Managing Mobile, Cloud and Social Media SecurityBy Bob Violino | Posted 2013-04-04 Print
These popular technologies create unique security threats, which, if not addressed, can lead to serious problems for all types and sizes of organizations.
As mobile computing and cloud-enabled services become more pervasive, "hackers and fraudsters will begin to take advantage of any shortcomings they can to steal money, information or anything else of value they can monetize," LaRosa says. "We need to move toward newer technologies that provide hardware-based isolation, enabling dangerous tasks to be run with minimal access and privileges."
ADP is looking at how technologies such as micro-virtualization, which abstracts applications from hardware and runs them in isolated environments, can help it defend against the next generation of threats in the cloud and mobile environments.
Securing Mobile Devices
Also dealing with the security issues of mobility and the cloud is Loring Ward, a San Jose, Calif., provider of investment and business management services. "Because Loring Ward is a nationwide firm, the use of mobile technology is very important," says Randy Rudolph, vice president of corporate infrastructure. "Of paramount importance is the ability to secure the data on the mobile devices."
The firm recently initiated a bring-your-own-device (BYOD) policy, enabling employees to access the company's secure platform using their own smartphones and tablets. As part of this program, Loring Ward is using a mobile device management (MDM) platform from Fiberlink that lets it manage devices remotely and encrypt data that belongs to the firm, while not touching employees' personal data or applications.
"We have the ability to lock the device and perform geo-tracking and geo-fencing of the device, as well as [conducting] a device wipe or just [wiping] the firm's data contained on the device," Rudolph says.
Loring Ward has a private cloud, which it uses for critical internal systems and applications such as email and voice over IP communications, as well as for disaster recovery. Multiple departments in the company "use some type of cloud-based service that enables them to perform at a much higher level than before," Rudolph says.

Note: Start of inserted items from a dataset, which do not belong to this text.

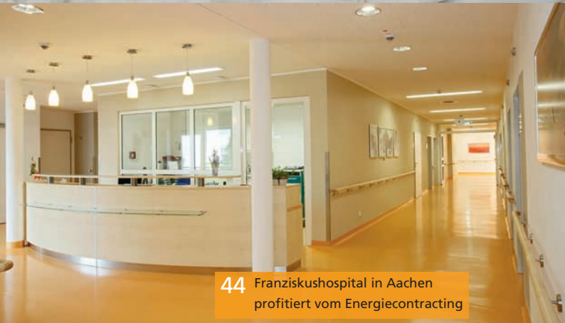
44 Franziskushospital in Aachen profitiert vom Energiecontracting
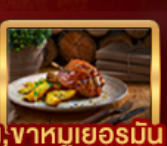
Ribs of Vienna, ปลาเทราสียง, อาหารหมูเยอรมัน
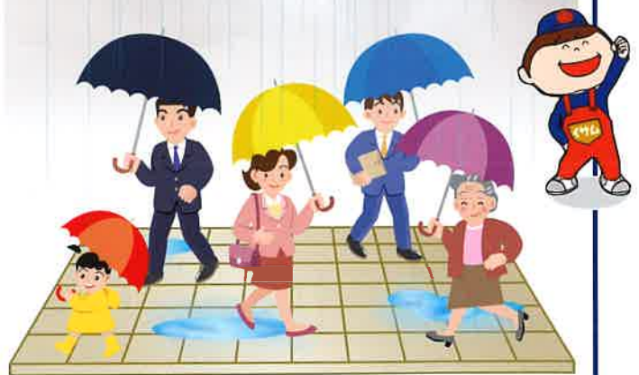
施工後は 耐久性に優れた 滑りにくい安全な状態
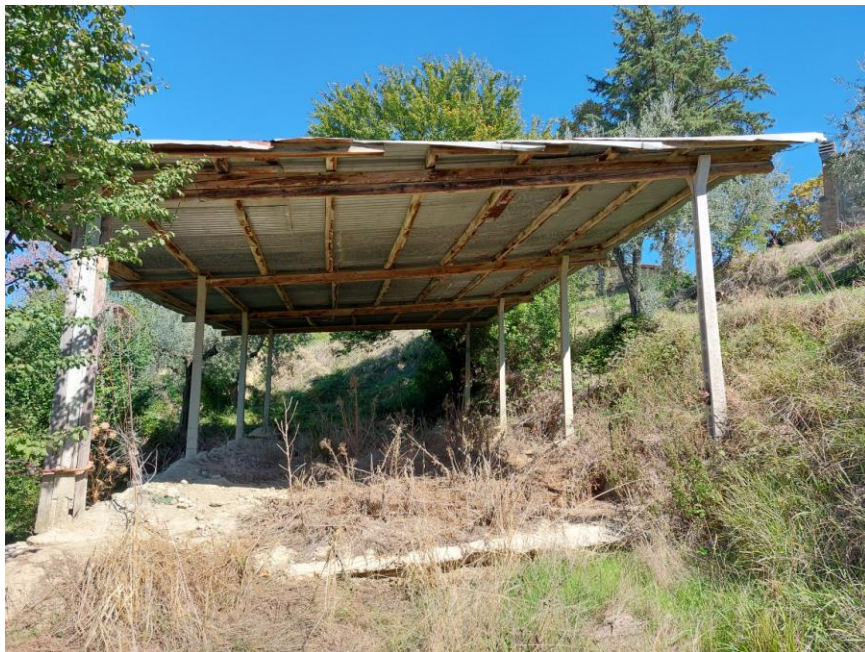
Foto n.84: Particolare della tettoia adibita a fienile (particella n.5, foglio 70 - Bene G). Notare il tetto del tipo ad una falda con copertura in lamiera, la struttura in cemento armato e solai con orditura in legno.
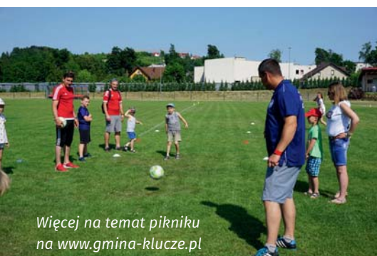
Więcej na temat pikniku na www.gmina-klucze.pl
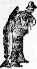
Az Emulsio vásárlásánál a SCOTT-féle módszer védelmét — a halászt — kérjük figyelembe venni.

Ezren és ezren tapasztalták ezt az utolsó 32 éven keresztül. Ép ily szembeötlő a javulás az általános egészséget illetően.
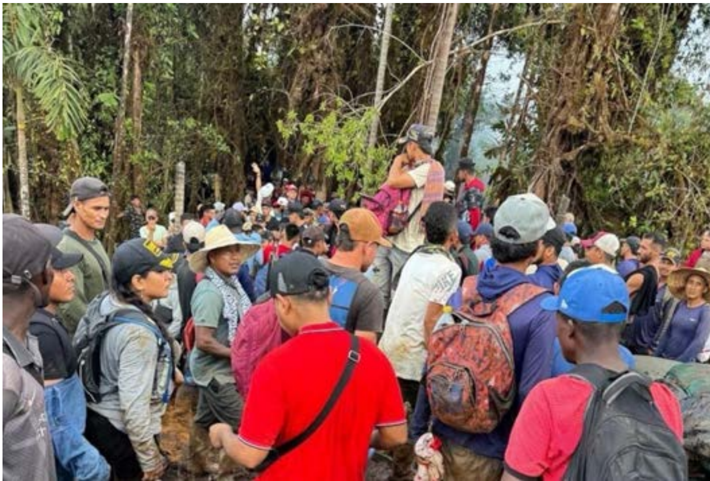
Según el Ejército, la retención de los 72 uniformados —entre ellos 3 oficiales y 4 suboficiales— es una táctica recurrente de los grupos armados ilegales.

El gobernador del Cauca, Jorge Octavio Guzmán Gutiérrez, brilló por su ausencia.
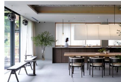
奈良 高畑町 MIROKU

To secure data in the cloud, Loring Ward uses the Box platform that provides a central repository for most of its data. It also includes security features such as single sign-on, data encryption, access controls and audit logs.
In addition, the company has established security guidelines "that exceed the regulatory guidelines we are to follow," Rudolph says. "Each in-house system, as well as those in development and all of the cloud applications, must adhere to these strict security guidelines. We will not employ cloud-based services that cannot match or exceed these stringent guidelines."
Clearly, it's critical for organizations to implement strategies, technologies and processes to deal with the security threats created by cloud, enterprise mobility and social media.